A study has explored how a second tumor developed in four children and describes, for the first time, chemotherapy-caused mutations in healthy tissue that have unknown long-term effects

Dra. Monica Sánchez-Guixé
IRB researchers, Núria López-Bigas (left) and Mònica Sánchez-Guixé, authors of a study that explores the origin of a second tumor in four pediatric patients.massimiliano minocri
Jessica Mouzo

Cancer leaves a molecular fingerprint in the body the very moment it develops. Like the breadcrumbs dropped by Hansel and Gretel, tumors also leave a trace of their route — signals that have now allowed scientists to trace back the path and understand the origin of cancer. A study by researchers at the Institute for Research in Biomedicine in Barcelona (IRB) published on Tuesday in the journal Cancer Discovery has shed light on childhood cancer. It explores the origin of a second tumor in four pediatric cancer patients, with each case representing a distinct pattern of cancer onset. For the first time, researchers have also described mutations caused by chemotherapy in healthy tissue that have unknown long-term effects.

If cancer in childhood is already rare — there is one case for every 200 in adults — it is nearly unheard of for that same patient to develop a second tumor as a child. Especially if they have no underlying genetic disease that predisposes them to develop tumors.

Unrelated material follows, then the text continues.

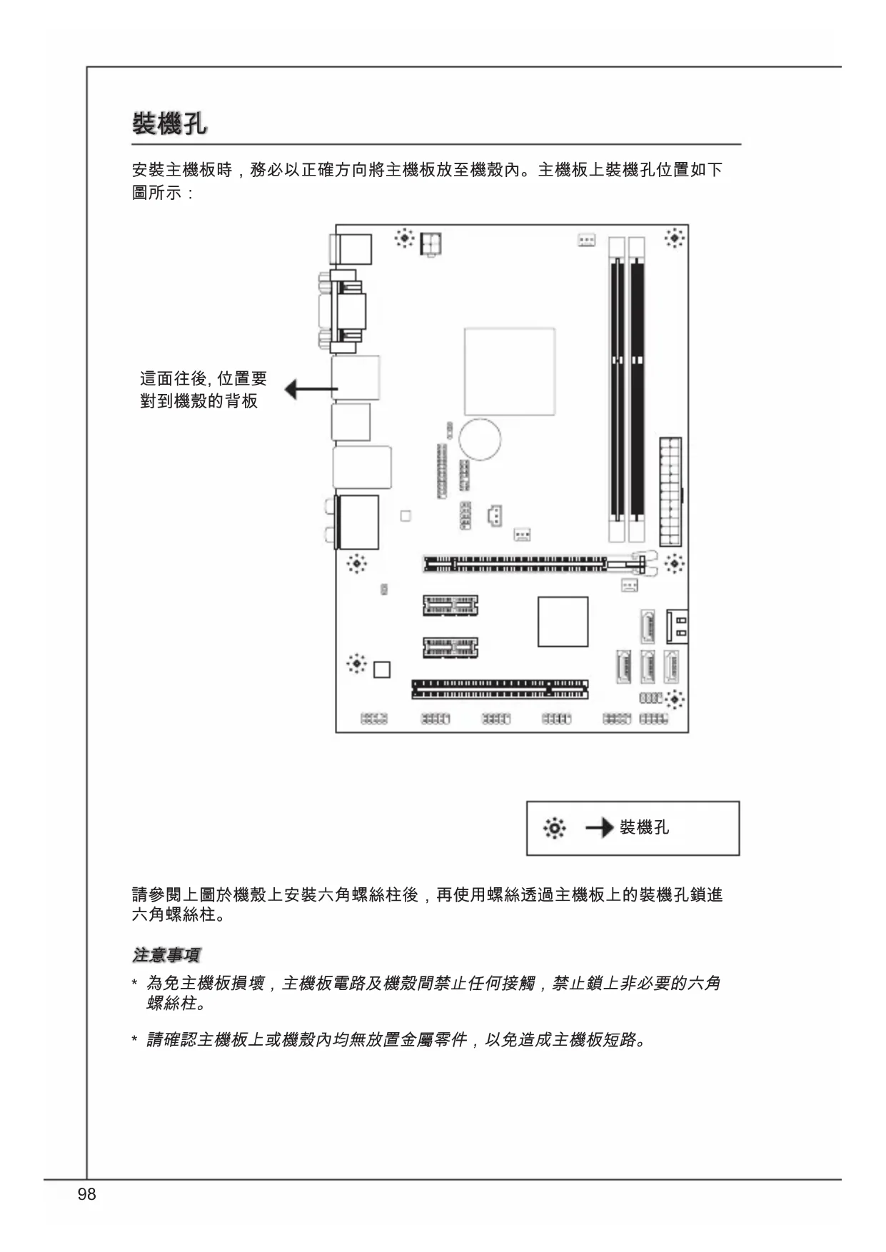 壞,主機板電路及機殼間禁止任何接觸,禁止鎖上非必要的六角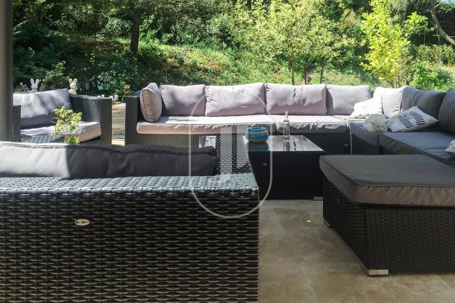 Buiten omringt een uitgestrekt, bosrijk perceel van ongeveer 2400 m² de woning, wat een groene en beschermde omgeving creëert. Het zwembad en het terras met een barbecuegebied bieden een ideale plek voor familiebijeenkomsten in de buitenlucht.

“These are very exceptional and extremely surprising cases for oncologists. It happens very rarely,” explains researcher Núria López-Bigas, the leader of the IRB group that carried out the study. At the Hospital Sant Joan de Déu in Barcelona, where the analyzed cases came from, more than 4,000 children were treated in the last 20 years, and only 30 developed two completely independent tumors (the second is not a relapse of the first) during childhood.

According to López-Bigas, the big question they asked was whether the two tumors in each child had something in common. For example, if they shared a similar origin, such as mutations in cell lineages (a set of cells that come from the same stem cell) from embryonic stages; or if, perhaps, the toxicity of the treatment for the first tumor played a role in the development of the second. Unlike adult cancer, childhood cancer is not usually influenced by environmental factors, but rather by alterations during embryonic development.

With genomic sequencing techniques and advanced bioinformatics, the scientists were able to examine the mutations that triggered the tumor cells and review part of their history. “These tools allow us to reconstruct the history of these tumors, we unravel a part of the cells’ development. We don’t watch it like a movie, but we reconstruct part of their history. The techniques we have used are like a window into the past,” explains the scientist.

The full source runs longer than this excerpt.